Research Article: Traditions of research in community mental health care planning and care coordination: A systematic meta-narrative review of the literature

Date Published: June 22, 2018

Publisher: Public Library of Science

Author(s): Aled Jones, Ben Hannigan, Michael Coffey, Alan Simpson, Iratxe Puebla.

http://doi.org/10.1371/journal.pone.0198427

Abstract

In response to political and social factors over the last sixty years mental health systems internationally have endeavoured to transfer the delivery of care from hospitals into community settings. As a result, there has been increased emphasis on the need for better quality care planning and care coordination between hospital services, community services and patients and their informal carers. The aim of this systematic review of international research is to explore which interventions have proved more or less effective in promoting personalized, recovery oriented care planning and coordination for community mental health service users.

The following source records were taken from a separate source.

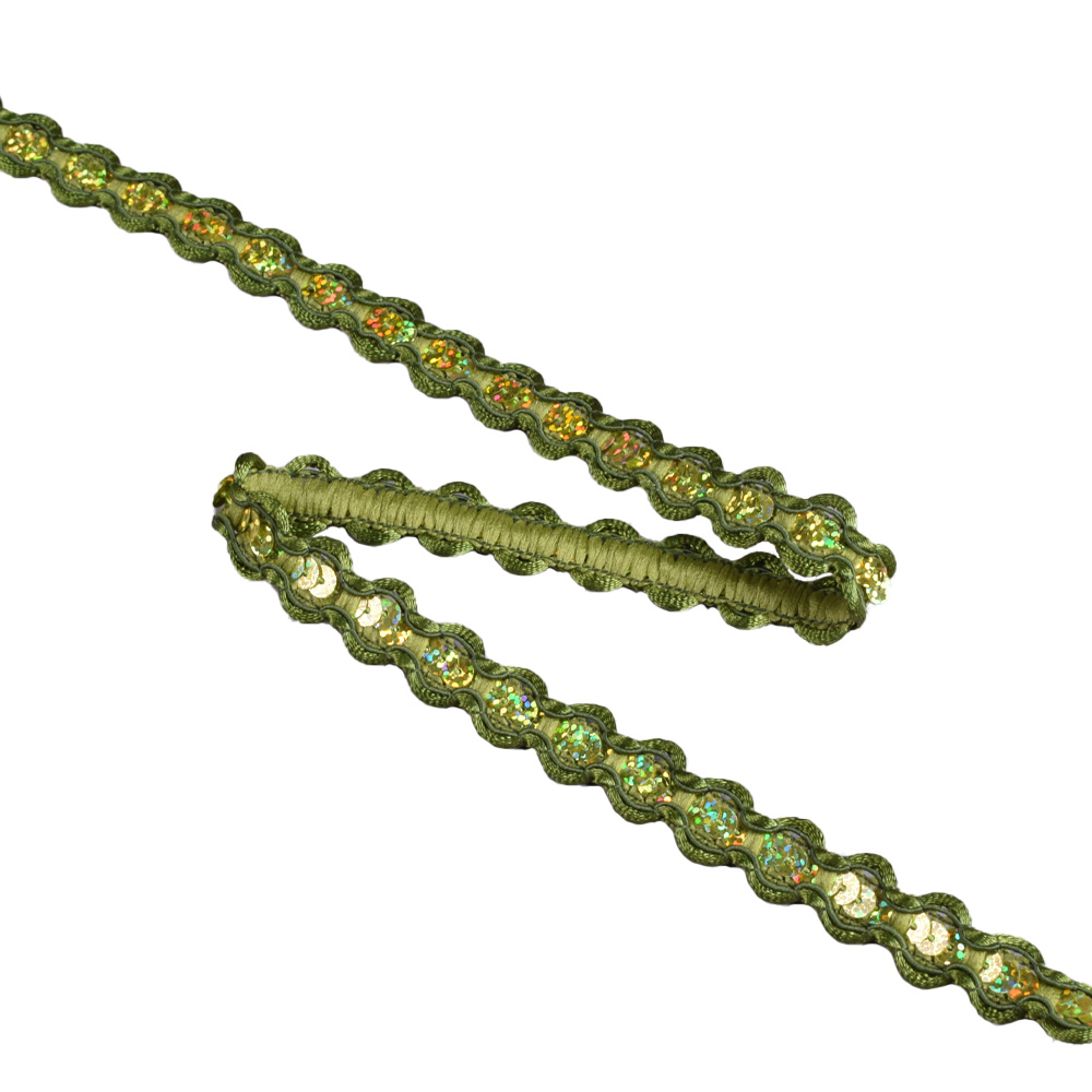 Тесьма с пайетками плетеная 15мм зеленая темная. Страна производитель: Китай.
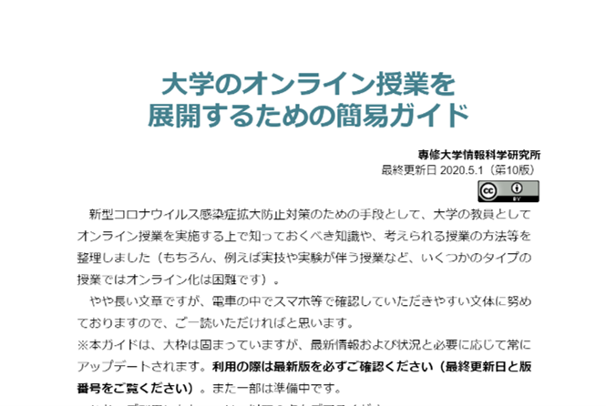 新型コロナウイルス感染症下での「オンライン授業を展開するための簡易ガイド」の公開
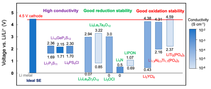 SEs的穩(wěn)定性對于評估ASSB的長循環(huán)壽命至關重要。圖18顯示了不同電解質的氧化和還原極限。顯然,SE的穩(wěn)定性在很大程度上取決于材料的化學性質。目前還沒有兼具高氧化極限和低還原極限的SE。

A systematic meta-narrative review of research from 1990 to the present was undertaken. From an initial return of 3940 papers a total of 50 research articles fulfilled the inclusion criteria, including research from the UK, Australia and the USA.

Three research traditions are identified consisting of (a) research that evaluates the effects of government policies on the organization, management and delivery of services; (b) evaluations of attempts to improve organizational and service delivery efficiency; (c) service-users and carers experiences of community mental health care coordination and planning and their involvement in research. The review found no seminal papers in terms of high citation rates, or papers that were consistently cited over time. The traditions of research in this topic area have formed reactively in response to frequent and often unpredictable policy changes, rather than proactively as a result of intrinsic academic or intellectual activity. This may explain the absence of seminal literature within the subject field. As a result, the research tradition within this specific area of mental health service delivery has a relatively short history, with no one dominant researcher or researchers, tradition or seminal studies amongst or across the three traditions identified.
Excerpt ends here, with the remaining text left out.